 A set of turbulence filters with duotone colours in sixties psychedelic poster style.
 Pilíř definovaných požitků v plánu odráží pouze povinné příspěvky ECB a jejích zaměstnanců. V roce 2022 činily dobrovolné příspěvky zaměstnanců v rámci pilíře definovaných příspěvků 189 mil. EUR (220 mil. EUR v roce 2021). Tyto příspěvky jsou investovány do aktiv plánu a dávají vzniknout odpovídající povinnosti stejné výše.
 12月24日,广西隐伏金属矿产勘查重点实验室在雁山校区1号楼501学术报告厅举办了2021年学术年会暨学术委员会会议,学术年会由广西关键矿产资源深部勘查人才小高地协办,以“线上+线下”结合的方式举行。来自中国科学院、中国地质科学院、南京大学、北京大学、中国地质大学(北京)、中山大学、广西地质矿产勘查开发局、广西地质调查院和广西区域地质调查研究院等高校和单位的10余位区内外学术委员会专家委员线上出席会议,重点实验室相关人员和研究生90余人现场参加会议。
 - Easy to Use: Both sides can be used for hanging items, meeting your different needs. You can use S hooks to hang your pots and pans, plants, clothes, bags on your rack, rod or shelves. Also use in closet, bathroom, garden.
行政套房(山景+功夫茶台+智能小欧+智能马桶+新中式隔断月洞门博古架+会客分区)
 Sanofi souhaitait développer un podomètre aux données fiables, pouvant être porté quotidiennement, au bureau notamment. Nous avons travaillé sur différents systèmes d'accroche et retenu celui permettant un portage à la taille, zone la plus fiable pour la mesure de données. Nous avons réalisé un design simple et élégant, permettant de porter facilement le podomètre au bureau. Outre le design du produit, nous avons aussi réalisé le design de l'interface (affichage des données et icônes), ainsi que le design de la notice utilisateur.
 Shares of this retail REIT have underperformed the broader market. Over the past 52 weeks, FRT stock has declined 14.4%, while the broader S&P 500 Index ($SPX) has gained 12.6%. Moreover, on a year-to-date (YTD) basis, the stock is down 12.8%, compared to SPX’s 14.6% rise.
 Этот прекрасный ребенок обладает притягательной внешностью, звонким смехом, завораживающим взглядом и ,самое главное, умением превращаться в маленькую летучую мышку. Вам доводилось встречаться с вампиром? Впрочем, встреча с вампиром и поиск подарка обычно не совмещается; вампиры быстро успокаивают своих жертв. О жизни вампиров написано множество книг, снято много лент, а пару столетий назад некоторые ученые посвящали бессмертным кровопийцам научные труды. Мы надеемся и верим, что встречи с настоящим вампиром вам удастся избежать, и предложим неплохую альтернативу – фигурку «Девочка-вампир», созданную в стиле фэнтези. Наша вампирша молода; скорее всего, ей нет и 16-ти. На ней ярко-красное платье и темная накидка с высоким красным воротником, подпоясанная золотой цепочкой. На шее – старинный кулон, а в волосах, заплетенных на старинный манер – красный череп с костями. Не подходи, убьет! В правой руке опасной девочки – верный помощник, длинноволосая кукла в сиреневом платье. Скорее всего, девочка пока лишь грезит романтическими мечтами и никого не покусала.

▬▬▬▬▬▬▬▬▬▬

● Exercise goal:
When you answer, return each line of the material exactly as it was written.

● Reply:
 A set of turbulence filters with duotone colours in sixties psychedelic poster style.
 Pilíř definovaných požitků v plánu odráží pouze povinné příspěvky ECB a jejích zaměstnanců. V roce 2022 činily dobrovolné příspěvky zaměstnanců v rámci pilíře definovaných příspěvků 189 mil. EUR (220 mil. EUR v roce 2021). Tyto příspěvky jsou investovány do aktiv plánu a dávají vzniknout odpovídající povinnosti stejné výše.
 12月24日,广西隐伏金属矿产勘查重点实验室在雁山校区1号楼501学术报告厅举办了2021年学术年会暨学术委员会会议,学术年会由广西关键矿产资源深部勘查人才小高地协办,以“线上+线下”结合的方式举行。来自中国科学院、中国地质科学院、南京大学、北京大学、中国地质大学(北京)、中山大学、广西地质矿产勘查开发局、广西地质调查院和广西区域地质调查研究院等高校和单位的10余位区内外学术委员会专家委员线上出席会议,重点实验室相关人员和研究生90余人现场参加会议。
 - Easy to Use: Both sides can be used for hanging items, meeting your different needs. You can use S hooks to hang your pots and pans, plants, clothes, bags on your rack, rod or shelves. Also use in closet, bathroom, garden.
行政套房(山景+功夫茶台+智能小欧+智能马桶+新中式隔断月洞门博古架+会客分区)
 Sanofi souhaitait développer un podomètre aux données fiables, pouvant être porté quotidiennement, au bureau notamment. Nous avons travaillé sur différents systèmes d'accroche et retenu celui permettant un portage à la taille, zone la plus fiable pour la mesure de données. Nous avons réalisé un design simple et élégant, permettant de porter facilement le podomètre au bureau. Outre le design du produit, nous avons aussi réalisé le design de l'interface (affichage des données et icônes), ainsi que le design de la notice utilisateur.
 Shares of this retail REIT have underperformed the broader market. Over the past 52 weeks, FRT stock has declined 14.4%, while the broader S&P 500 Index ($SPX) has gained 12.6%. Moreover, on a year-to-date (YTD) basis, the stock is down 12.8%, compared to SPX’s 14.6% rise.
 Этот прекрасный ребенок обладает притягательной внешностью, звонким смехом, завораживающим взглядом и ,самое главное, умением превращаться в маленькую летучую мышку. Вам доводилось встречаться с вампиром? Впрочем, встреча с вампиром и поиск подарка обычно не совмещается; вампиры быстро успокаивают своих жертв. О жизни вампиров написано множество книг, снято много лент, а пару столетий назад некоторые ученые посвящали бессмертным кровопийцам научные труды. Мы надеемся и верим, что встречи с настоящим вампиром вам удастся избежать, и предложим неплохую альтернативу – фигурку «Девочка-вампир», созданную в стиле фэнтези. Наша вампирша молода; скорее всего, ей нет и 16-ти. На ней ярко-красное платье и темная накидка с высоким красным воротником, подпоясанная золотой цепочкой. На шее – старинный кулон, а в волосах, заплетенных на старинный манер – красный череп с костями. Не подходи, убьет! В правой руке опасной девочки – верный помощник, длинноволосая кукла в сиреневом платье. Скорее всего, девочка пока лишь грезит романтическими мечтами и никого не покусала.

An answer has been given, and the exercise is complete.